**Requirement:** Up to and including the line that holds "In the Aruba", print the data exactly from its first line; do not print the pictures.

**Records provided:**
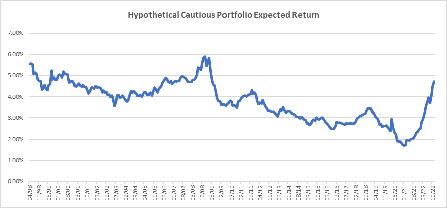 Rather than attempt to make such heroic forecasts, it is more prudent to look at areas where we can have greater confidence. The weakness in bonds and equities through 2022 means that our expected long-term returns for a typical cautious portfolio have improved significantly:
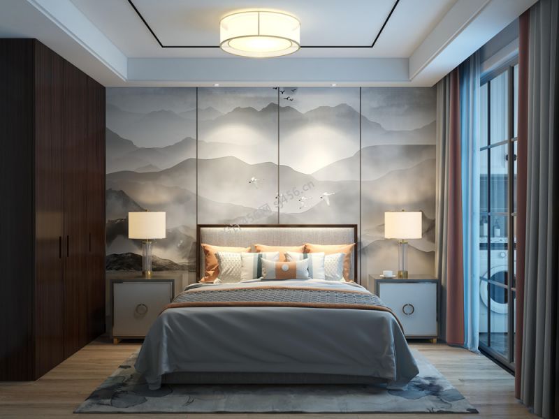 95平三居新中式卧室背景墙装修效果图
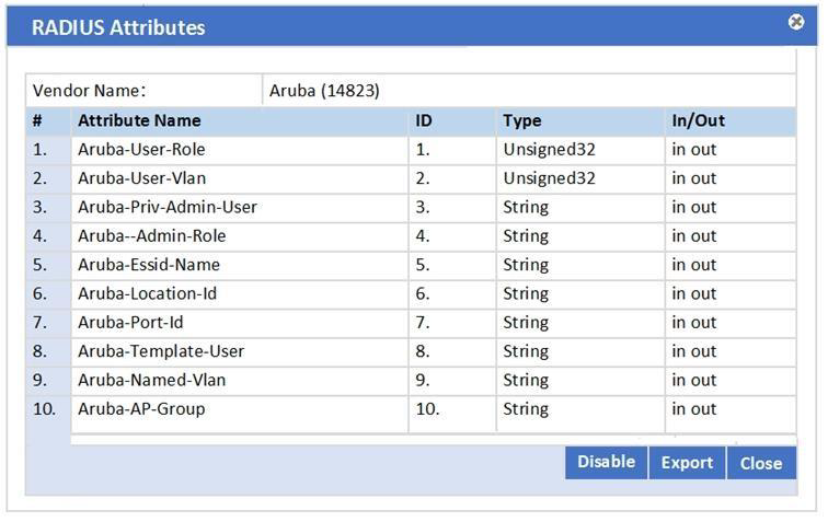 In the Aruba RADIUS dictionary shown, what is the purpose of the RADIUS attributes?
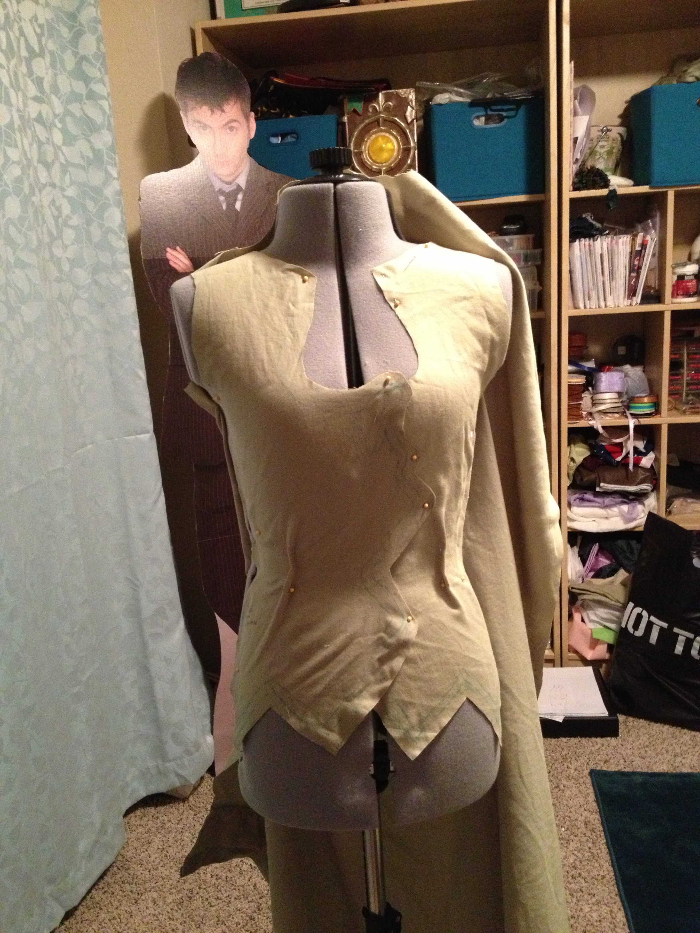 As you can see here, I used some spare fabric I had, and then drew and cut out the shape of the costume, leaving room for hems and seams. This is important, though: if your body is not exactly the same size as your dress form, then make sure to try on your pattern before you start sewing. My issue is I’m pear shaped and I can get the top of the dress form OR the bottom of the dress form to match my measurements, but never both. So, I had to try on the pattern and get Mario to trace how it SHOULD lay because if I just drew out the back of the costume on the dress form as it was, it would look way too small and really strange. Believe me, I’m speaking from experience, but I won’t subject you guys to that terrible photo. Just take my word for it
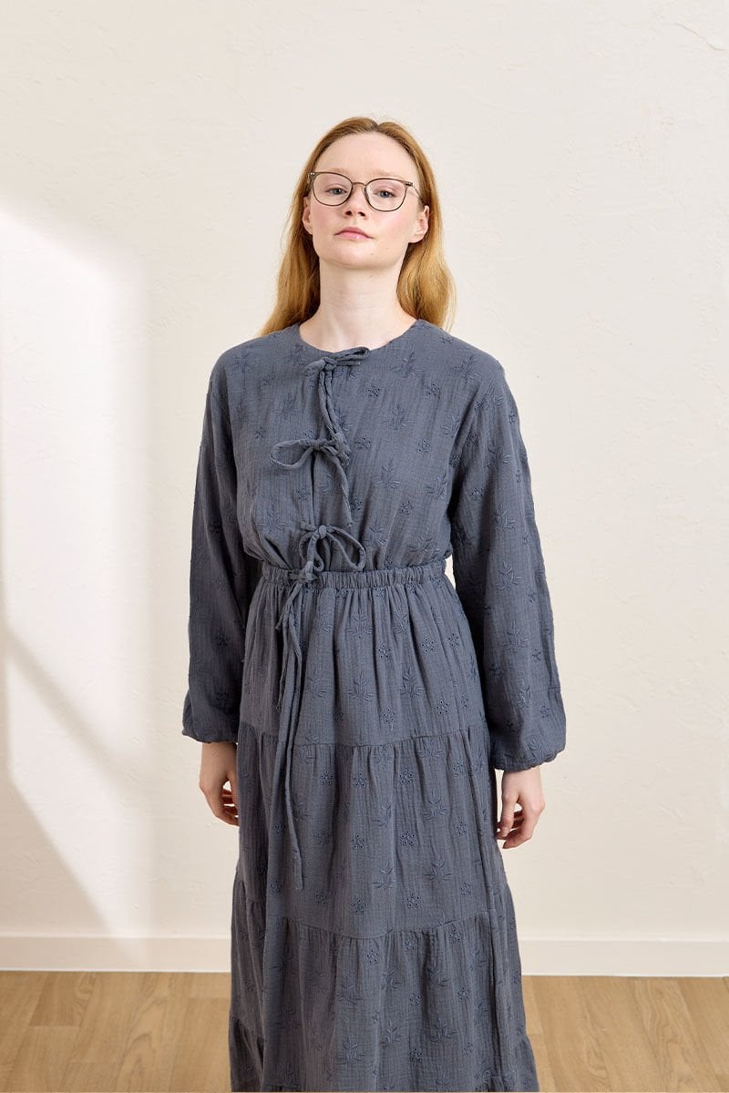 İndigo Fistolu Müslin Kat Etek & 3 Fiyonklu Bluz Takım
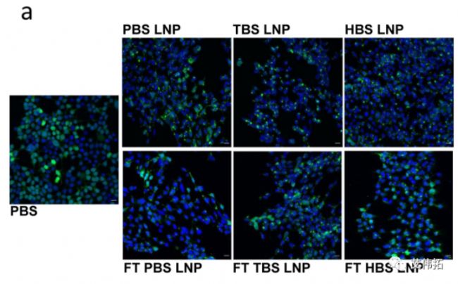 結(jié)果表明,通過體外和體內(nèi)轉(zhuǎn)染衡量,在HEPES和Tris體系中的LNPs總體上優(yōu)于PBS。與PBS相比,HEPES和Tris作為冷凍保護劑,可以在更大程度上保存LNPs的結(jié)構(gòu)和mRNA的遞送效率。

**Task answer:**
 Rather than attempt to make such heroic forecasts, it is more prudent to look at areas where we can have greater confidence. The weakness in bonds and equities through 2022 means that our expected long-term returns for a typical cautious portfolio have improved significantly:
 95平三居新中式卧室背景墙装修效果图
 In the Aruba RADIUS dictionary shown, what is the purpose of the RADIUS attributes?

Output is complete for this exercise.